• YOUR OBJECTIVE:
Reproduce, exactly and in full, only the lines below from the one containing "Kiedy już nasyciliśmy" through the one containing "Meghívást kaptunk a".

• INPUT RECORDS:
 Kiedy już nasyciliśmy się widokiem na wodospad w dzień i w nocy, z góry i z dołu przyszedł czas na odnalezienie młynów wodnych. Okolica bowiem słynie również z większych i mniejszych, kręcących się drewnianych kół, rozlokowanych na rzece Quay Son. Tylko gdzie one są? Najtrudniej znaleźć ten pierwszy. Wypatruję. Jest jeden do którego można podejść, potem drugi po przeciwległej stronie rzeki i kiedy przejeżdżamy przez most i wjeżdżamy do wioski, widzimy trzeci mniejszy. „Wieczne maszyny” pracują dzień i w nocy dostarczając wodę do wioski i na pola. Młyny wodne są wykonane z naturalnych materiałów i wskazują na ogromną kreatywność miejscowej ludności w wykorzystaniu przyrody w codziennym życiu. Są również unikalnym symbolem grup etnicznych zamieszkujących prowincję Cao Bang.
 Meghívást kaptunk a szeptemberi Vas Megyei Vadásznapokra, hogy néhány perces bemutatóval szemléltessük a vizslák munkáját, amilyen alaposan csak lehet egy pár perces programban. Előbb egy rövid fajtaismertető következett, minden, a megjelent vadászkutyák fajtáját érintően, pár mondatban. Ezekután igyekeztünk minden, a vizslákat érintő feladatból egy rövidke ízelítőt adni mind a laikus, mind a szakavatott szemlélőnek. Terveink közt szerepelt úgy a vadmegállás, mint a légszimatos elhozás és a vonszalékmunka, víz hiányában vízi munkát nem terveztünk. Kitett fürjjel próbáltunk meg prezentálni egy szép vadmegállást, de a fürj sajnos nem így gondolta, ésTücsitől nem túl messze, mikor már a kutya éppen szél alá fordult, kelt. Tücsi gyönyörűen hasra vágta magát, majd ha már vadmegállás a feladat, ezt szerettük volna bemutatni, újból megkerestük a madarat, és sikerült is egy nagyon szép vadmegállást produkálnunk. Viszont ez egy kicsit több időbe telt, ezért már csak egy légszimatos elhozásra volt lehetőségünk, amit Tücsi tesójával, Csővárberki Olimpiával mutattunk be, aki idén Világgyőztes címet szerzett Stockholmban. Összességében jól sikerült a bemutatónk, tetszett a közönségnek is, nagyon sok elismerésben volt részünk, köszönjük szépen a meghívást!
---
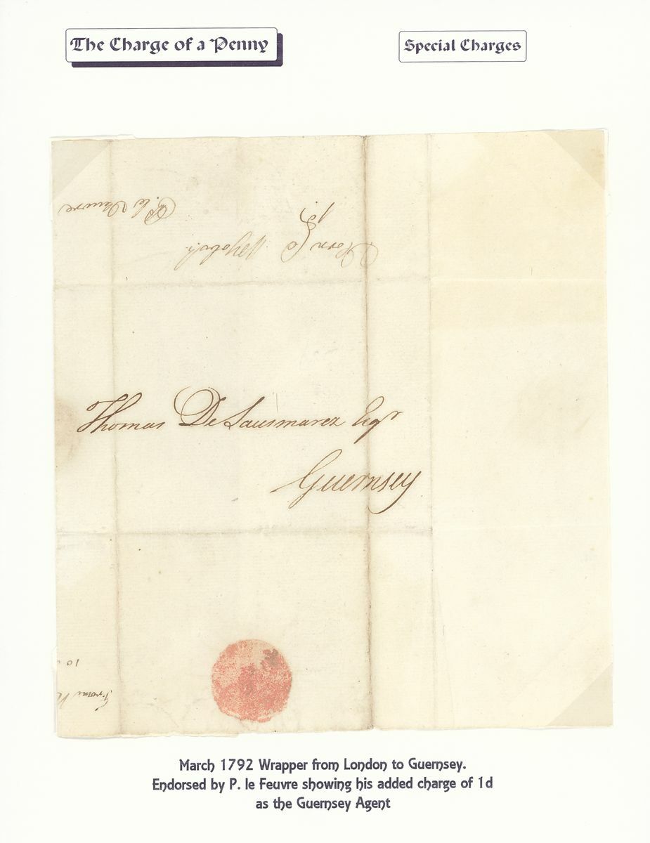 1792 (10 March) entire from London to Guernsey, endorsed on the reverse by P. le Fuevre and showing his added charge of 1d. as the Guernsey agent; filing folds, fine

• THE COMPLETED TASK:
 Kiedy już nasyciliśmy się widokiem na wodospad w dzień i w nocy, z góry i z dołu przyszedł czas na odnalezienie młynów wodnych. Okolica bowiem słynie również z większych i mniejszych, kręcących się drewnianych kół, rozlokowanych na rzece Quay Son. Tylko gdzie one są? Najtrudniej znaleźć ten pierwszy. Wypatruję. Jest jeden do którego można podejść, potem drugi po przeciwległej stronie rzeki i kiedy przejeżdżamy przez most i wjeżdżamy do wioski, widzimy trzeci mniejszy. „Wieczne maszyny” pracują dzień i w nocy dostarczając wodę do wioski i na pola. Młyny wodne są wykonane z naturalnych materiałów i wskazują na ogromną kreatywność miejscowej ludności w wykorzystaniu przyrody w codziennym życiu. Są również unikalnym symbolem grup etnicznych zamieszkujących prowincję Cao Bang.
 Meghívást kaptunk a szeptemberi Vas Megyei Vadásznapokra, hogy néhány perces bemutatóval szemléltessük a vizslák munkáját, amilyen alaposan csak lehet egy pár perces programban. Előbb egy rövid fajtaismertető következett, minden, a megjelent vadászkutyák fajtáját érintően, pár mondatban. Ezekután igyekeztünk minden, a vizslákat érintő feladatból egy rövidke ízelítőt adni mind a laikus, mind a szakavatott szemlélőnek. Terveink közt szerepelt úgy a vadmegállás, mint a légszimatos elhozás és a vonszalékmunka, víz hiányában vízi munkát nem terveztünk. Kitett fürjjel próbáltunk meg prezentálni egy szép vadmegállást, de a fürj sajnos nem így gondolta, ésTücsitől nem túl messze, mikor már a kutya éppen szél alá fordult, kelt. Tücsi gyönyörűen hasra vágta magát, majd ha már vadmegállás a feladat, ezt szerettük volna bemutatni, újból megkerestük a madarat, és sikerült is egy nagyon szép vadmegállást produkálnunk. Viszont ez egy kicsit több időbe telt, ezért már csak egy légszimatos elhozásra volt lehetőségünk, amit Tücsi tesójával, Csővárberki Olimpiával mutattunk be, aki idén Világgyőztes címet szerzett Stockholmban. Összességében jól sikerült a bemutatónk, tetszett a közönségnek is, nagyon sok elismerésben volt részünk, köszönjük szépen a meghívást!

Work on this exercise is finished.